Restate the listing below word for word. No picture belongs in the result.

[Dataset entries Boundary: Start]

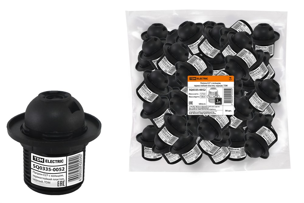 TDM Патрон Е27 с кольцом, термостойкий пластик, черный SQ0335-0052
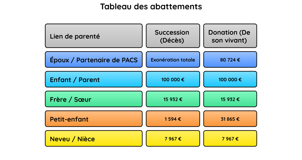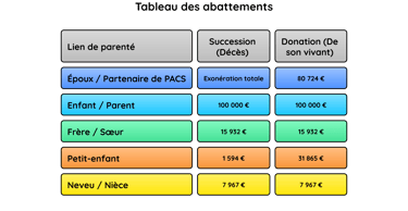 Les héritiers : On prend la part de chaque héritier, puis on applique un abattement en fonction du lien de parenté avec le défunt.
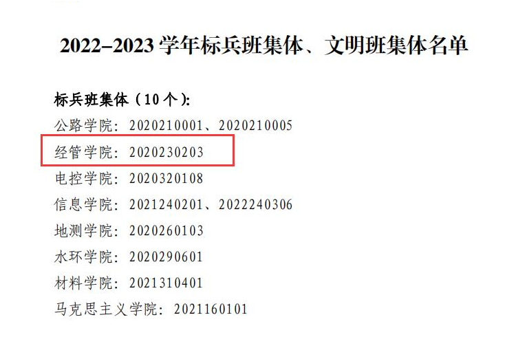 在学校开展的2022-2023学年本科生文明班级体评选工作中,经过班级申请、创建培育、达标验收、院(系)推荐、学校审核、展示答辩等环节,学院2020230203班在全校参与创建的778个班集体中脱颖而出,荣获2022-2023学年yl7703永利集团“标兵班集体”称号。
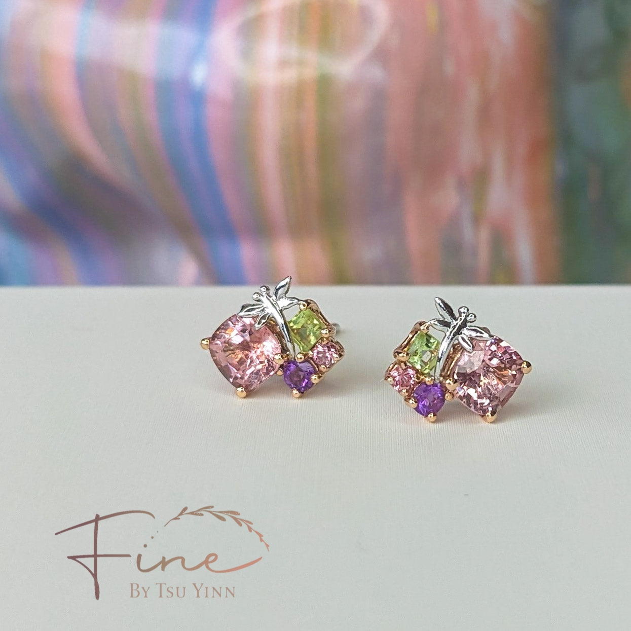 FBTY Petite Studs: Peach Pink Spinels with Peridot, Spinels, Amethyst and our signature dragonfly
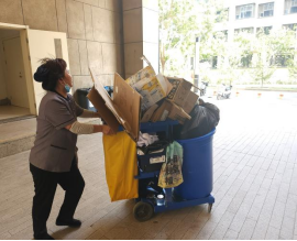 在这个繁忙的日子里,保洁员们化身学生们贴心的助手,穿梭在各个楼宇之间,用自己并不强壮的肩膀扛起学生们沉甸甸的行李。每一次的搬运都是一次无声祝福;每一滴汗水的落下都是对学生未来的期许。
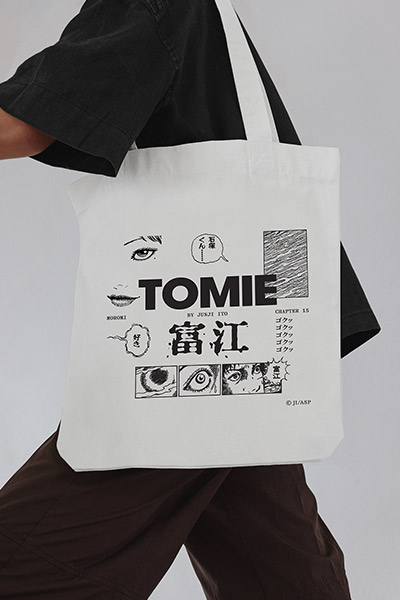 ・トートバッグ 『もろみ』のハイライトシーンを、あえてグラフィカルにコラージュ。A4ファイルも余裕で入るサイズ感で、デイリーユースに最適。通勤・通学のお供に、富江を。
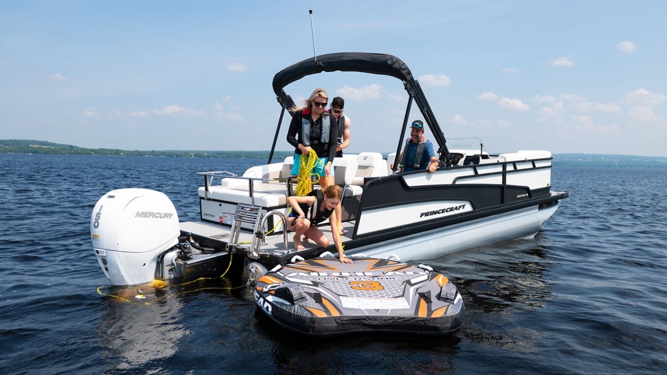 • Altitude package includes: 3D Princecraft® black chrome logo on both sides and front door, LED docking lights, deluxe driver seat (if applicable passenger captain's chair with slider), LED lights under driver helm and furniture

[Dataset entries Boundary: End]

**Task solution:**
 TDM Патрон Е27 с кольцом, термостойкий пластик, черный SQ0335-0052
 Les héritiers : On prend la part de chaque héritier, puis on applique un abattement en fonction du lien de parenté avec le défunt.
 在学校开展的2022-2023学年本科生文明班级体评选工作中,经过班级申请、创建培育、达标验收、院(系)推荐、学校审核、展示答辩等环节,学院2020230203班在全校参与创建的778个班集体中脱颖而出,荣获2022-2023学年yl7703永利集团“标兵班集体”称号。
 FBTY Petite Studs: Peach Pink Spinels with Peridot, Spinels, Amethyst and our signature dragonfly
 在这个繁忙的日子里,保洁员们化身学生们贴心的助手,穿梭在各个楼宇之间,用自己并不强壮的肩膀扛起学生们沉甸甸的行李。每一次的搬运都是一次无声祝福;每一滴汗水的落下都是对学生未来的期许。
 ・トートバッグ 『もろみ』のハイライトシーンを、あえてグラフィカルにコラージュ。A4ファイルも余裕で入るサイズ感で、デイリーユースに最適。通勤・通学のお供に、富江を。
 • Altitude package includes: 3D Princecraft® black chrome logo on both sides and front door, LED docking lights, deluxe driver seat (if applicable passenger captain's chair with slider), LED lights under driver helm and furniture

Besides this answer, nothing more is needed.